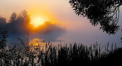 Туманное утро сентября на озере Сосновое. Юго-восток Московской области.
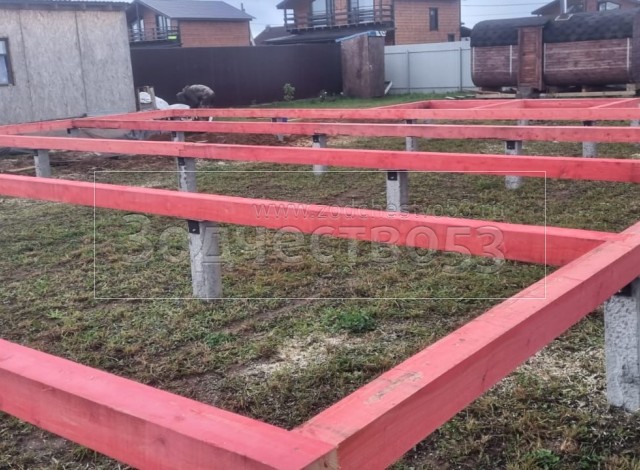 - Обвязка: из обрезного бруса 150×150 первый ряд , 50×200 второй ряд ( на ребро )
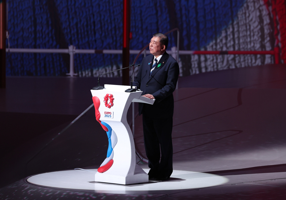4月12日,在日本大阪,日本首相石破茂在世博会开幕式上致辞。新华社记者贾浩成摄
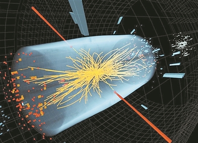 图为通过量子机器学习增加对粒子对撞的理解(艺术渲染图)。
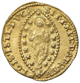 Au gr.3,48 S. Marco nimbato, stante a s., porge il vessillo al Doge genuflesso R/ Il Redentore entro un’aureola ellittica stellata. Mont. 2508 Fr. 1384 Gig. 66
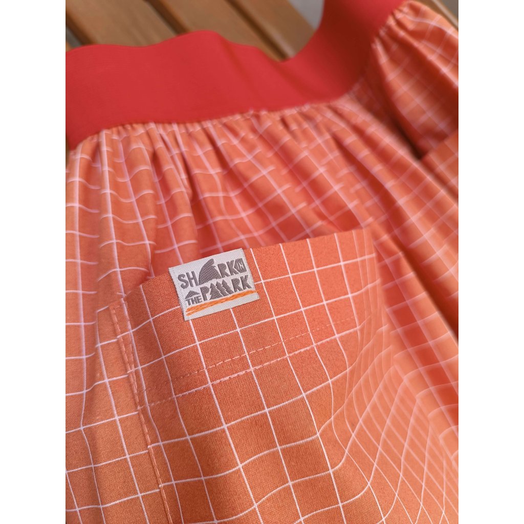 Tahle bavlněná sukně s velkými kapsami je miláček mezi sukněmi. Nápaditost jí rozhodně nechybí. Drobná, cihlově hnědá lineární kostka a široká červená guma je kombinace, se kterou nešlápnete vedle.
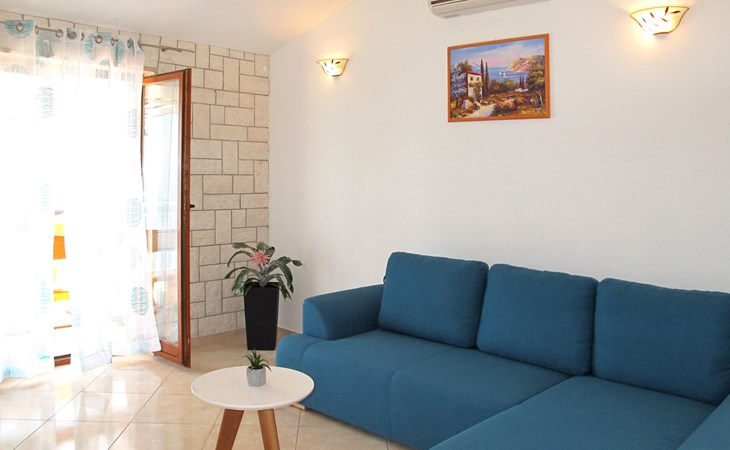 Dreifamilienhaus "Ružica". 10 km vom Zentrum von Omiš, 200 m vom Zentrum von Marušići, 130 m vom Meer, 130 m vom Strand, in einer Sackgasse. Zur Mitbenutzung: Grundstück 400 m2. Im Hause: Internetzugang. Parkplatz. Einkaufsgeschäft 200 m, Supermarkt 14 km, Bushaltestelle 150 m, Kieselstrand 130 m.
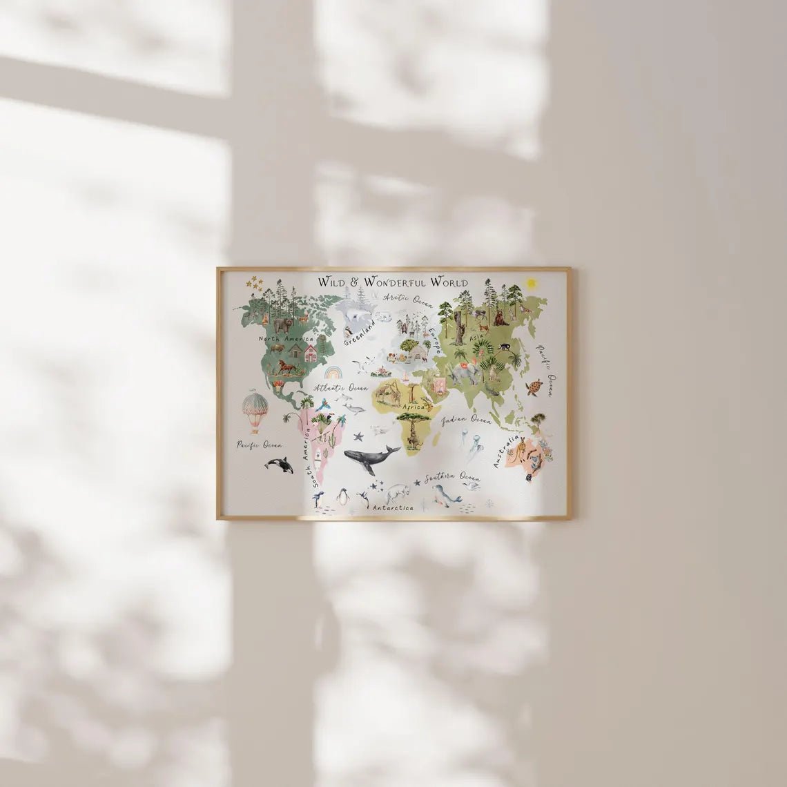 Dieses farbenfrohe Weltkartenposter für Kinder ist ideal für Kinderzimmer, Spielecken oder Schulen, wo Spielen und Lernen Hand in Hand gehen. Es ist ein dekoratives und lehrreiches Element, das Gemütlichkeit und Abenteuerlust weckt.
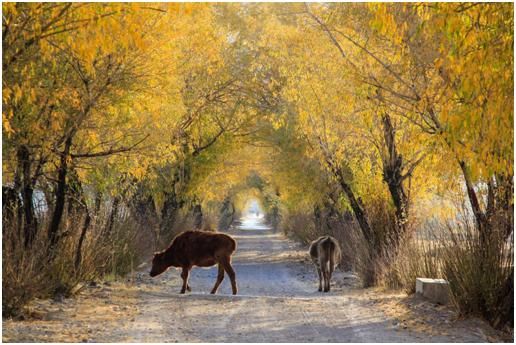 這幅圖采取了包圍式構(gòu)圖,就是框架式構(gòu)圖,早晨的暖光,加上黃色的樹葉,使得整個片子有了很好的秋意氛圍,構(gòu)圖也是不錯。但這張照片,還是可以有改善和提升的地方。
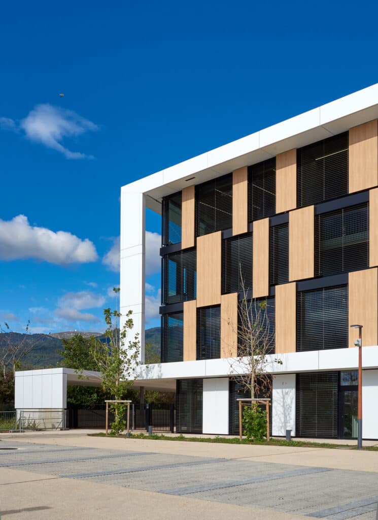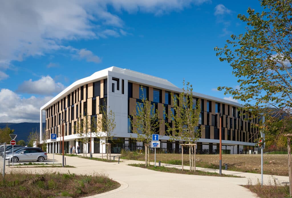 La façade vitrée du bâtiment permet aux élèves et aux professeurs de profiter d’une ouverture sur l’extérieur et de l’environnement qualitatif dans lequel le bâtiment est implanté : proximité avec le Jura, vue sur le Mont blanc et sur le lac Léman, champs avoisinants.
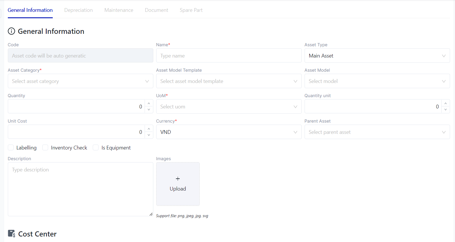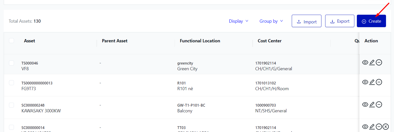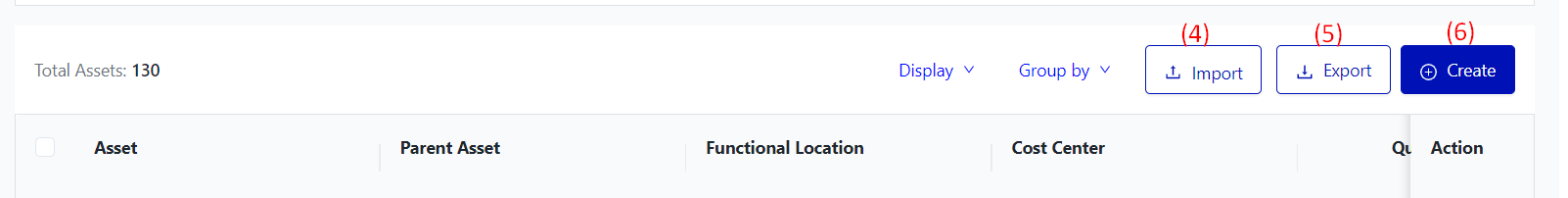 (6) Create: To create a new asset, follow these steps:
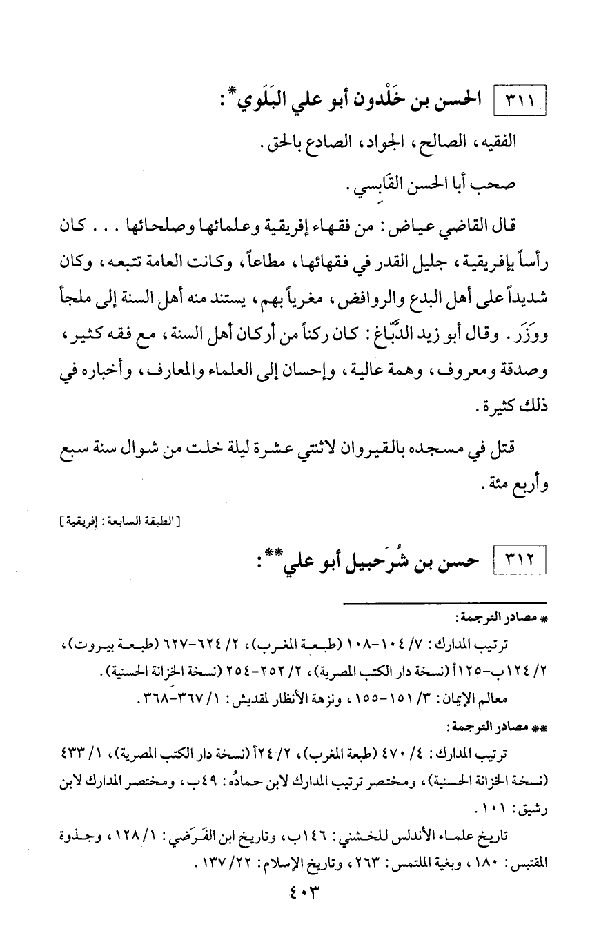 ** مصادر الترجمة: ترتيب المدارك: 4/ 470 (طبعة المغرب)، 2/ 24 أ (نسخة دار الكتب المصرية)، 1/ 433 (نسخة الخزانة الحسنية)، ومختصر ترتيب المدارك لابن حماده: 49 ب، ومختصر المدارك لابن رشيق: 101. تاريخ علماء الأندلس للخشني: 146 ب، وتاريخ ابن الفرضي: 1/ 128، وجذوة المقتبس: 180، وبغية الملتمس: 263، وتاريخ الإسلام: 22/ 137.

____________

Print all of the entries word for word. Skip any images they contain.

 Туманное утро сентября на озере Сосновое. Юго-восток Московской области.
 - Обвязка: из обрезного бруса 150×150 первый ряд , 50×200 второй ряд ( на ребро )
4月12日,在日本大阪,日本首相石破茂在世博会开幕式上致辞。新华社记者贾浩成摄
 图为通过量子机器学习增加对粒子对撞的理解(艺术渲染图)。
 Au gr.3,48 S. Marco nimbato, stante a s., porge il vessillo al Doge genuflesso R/ Il Redentore entro un’aureola ellittica stellata. Mont. 2508 Fr. 1384 Gig. 66
 Tahle bavlněná sukně s velkými kapsami je miláček mezi sukněmi. Nápaditost jí rozhodně nechybí. Drobná, cihlově hnědá lineární kostka a široká červená guma je kombinace, se kterou nešlápnete vedle.
 Dreifamilienhaus "Ružica". 10 km vom Zentrum von Omiš, 200 m vom Zentrum von Marušići, 130 m vom Meer, 130 m vom Strand, in einer Sackgasse. Zur Mitbenutzung: Grundstück 400 m2. Im Hause: Internetzugang. Parkplatz. Einkaufsgeschäft 200 m, Supermarkt 14 km, Bushaltestelle 150 m, Kieselstrand 130 m.
 Dieses farbenfrohe Weltkartenposter für Kinder ist ideal für Kinderzimmer, Spielecken oder Schulen, wo Spielen und Lernen Hand in Hand gehen. Es ist ein dekoratives und lehrreiches Element, das Gemütlichkeit und Abenteuerlust weckt.
 這幅圖采取了包圍式構(gòu)圖,就是框架式構(gòu)圖,早晨的暖光,加上黃色的樹葉,使得整個片子有了很好的秋意氛圍,構(gòu)圖也是不錯。但這張照片,還是可以有改善和提升的地方。
 La façade vitrée du bâtiment permet aux élèves et aux professeurs de profiter d’une ouverture sur l’extérieur et de l’environnement qualitatif dans lequel le bâtiment est implanté : proximité avec le Jura, vue sur le Mont blanc et sur le lac Léman, champs avoisinants.
 (6) Create: To create a new asset, follow these steps:
 ** مصادر الترجمة: ترتيب المدارك: 4/ 470 (طبعة المغرب)، 2/ 24 أ (نسخة دار الكتب المصرية)، 1/ 433 (نسخة الخزانة الحسنية)، ومختصر ترتيب المدارك لابن حماده: 49 ب، ومختصر المدارك لابن رشيق: 101. تاريخ علماء الأندلس للخشني: 146 ب، وتاريخ ابن الفرضي: 1/ 128، وجذوة المقتبس: 180، وبغية الملتمس: 263، وتاريخ الإسلام: 22/ 137.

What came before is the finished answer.